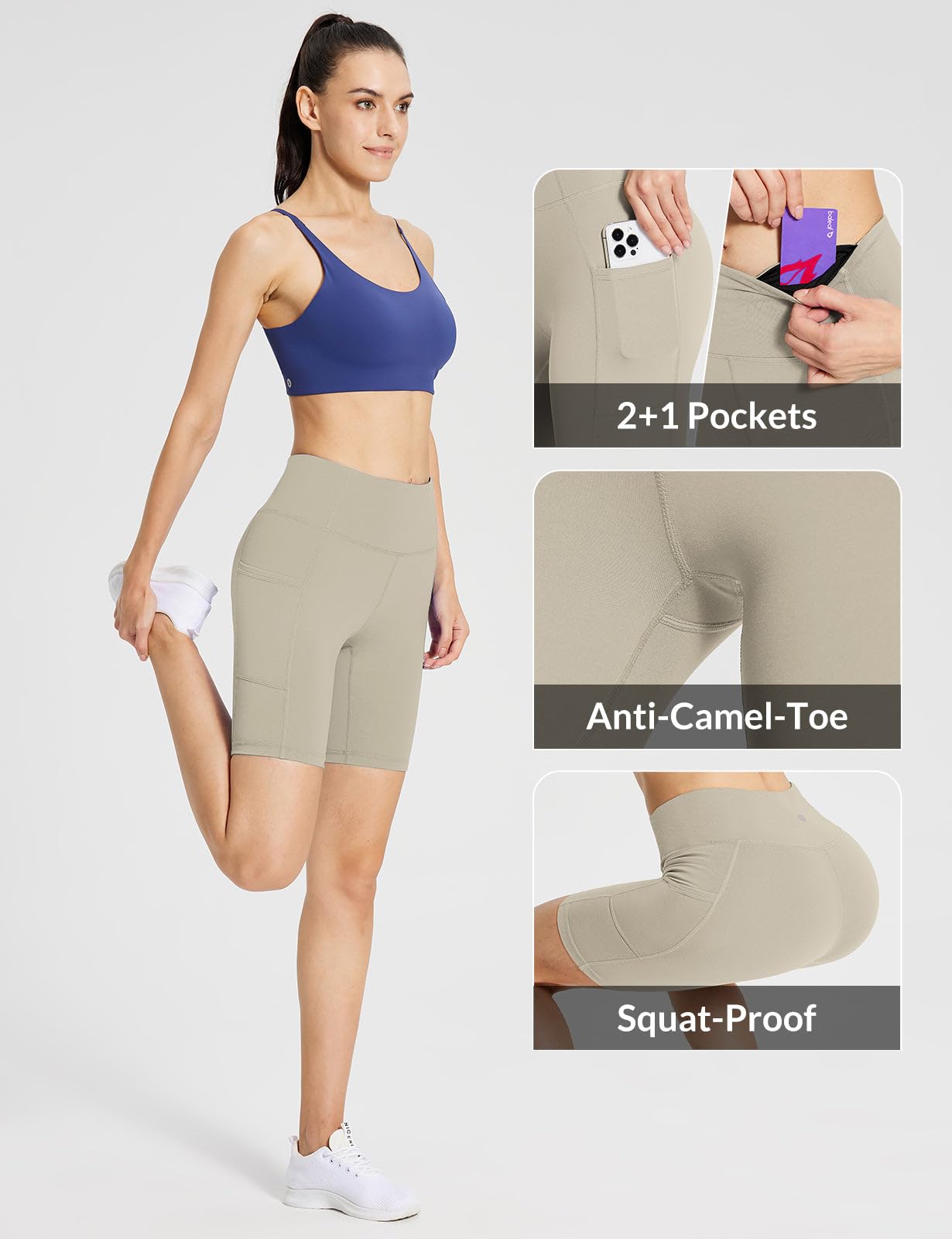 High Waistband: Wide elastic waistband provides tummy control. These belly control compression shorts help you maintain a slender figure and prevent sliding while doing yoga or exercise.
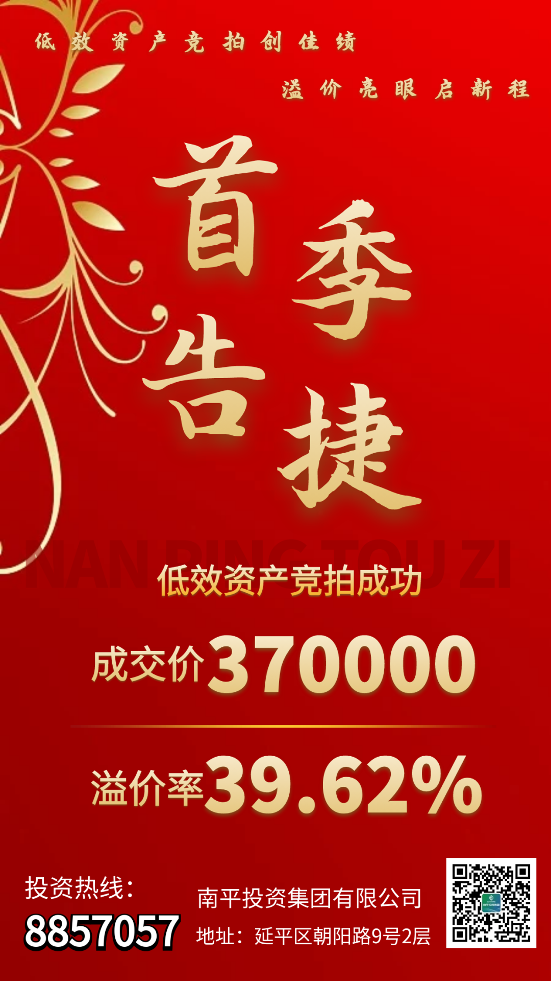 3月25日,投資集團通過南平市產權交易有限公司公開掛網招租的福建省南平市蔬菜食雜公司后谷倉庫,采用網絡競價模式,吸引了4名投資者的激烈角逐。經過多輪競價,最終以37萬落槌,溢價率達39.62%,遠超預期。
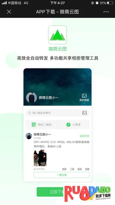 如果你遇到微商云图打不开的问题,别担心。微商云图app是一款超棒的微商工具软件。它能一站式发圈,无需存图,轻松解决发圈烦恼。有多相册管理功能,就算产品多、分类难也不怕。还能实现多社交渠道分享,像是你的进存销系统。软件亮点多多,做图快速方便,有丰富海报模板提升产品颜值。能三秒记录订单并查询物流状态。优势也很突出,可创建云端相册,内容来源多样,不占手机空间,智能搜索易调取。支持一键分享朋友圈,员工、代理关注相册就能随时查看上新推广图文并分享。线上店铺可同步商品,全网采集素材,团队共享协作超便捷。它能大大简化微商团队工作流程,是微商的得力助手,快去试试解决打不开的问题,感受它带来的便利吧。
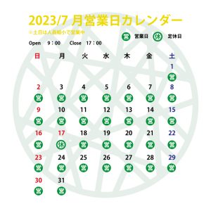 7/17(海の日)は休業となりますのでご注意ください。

BRIEF -
Leave the pictures out and output the rest of the listing exactly.

ANSWER BOX -
 High Waistband: Wide elastic waistband provides tummy control. These belly control compression shorts help you maintain a slender figure and prevent sliding while doing yoga or exercise.
 3月25日,投資集團通過南平市產權交易有限公司公開掛網招租的福建省南平市蔬菜食雜公司后谷倉庫,采用網絡競價模式,吸引了4名投資者的激烈角逐。經過多輪競價,最終以37萬落槌,溢價率達39.62%,遠超預期。
 如果你遇到微商云图打不开的问题,别担心。微商云图app是一款超棒的微商工具软件。它能一站式发圈,无需存图,轻松解决发圈烦恼。有多相册管理功能,就算产品多、分类难也不怕。还能实现多社交渠道分享,像是你的进存销系统。软件亮点多多,做图快速方便,有丰富海报模板提升产品颜值。能三秒记录订单并查询物流状态。优势也很突出,可创建云端相册,内容来源多样,不占手机空间,智能搜索易调取。支持一键分享朋友圈,员工、代理关注相册就能随时查看上新推广图文并分享。线上店铺可同步商品,全网采集素材,团队共享协作超便捷。它能大大简化微商团队工作流程,是微商的得力助手,快去试试解决打不开的问题,感受它带来的便利吧。
 7/17(海の日)は休業となりますのでご注意ください。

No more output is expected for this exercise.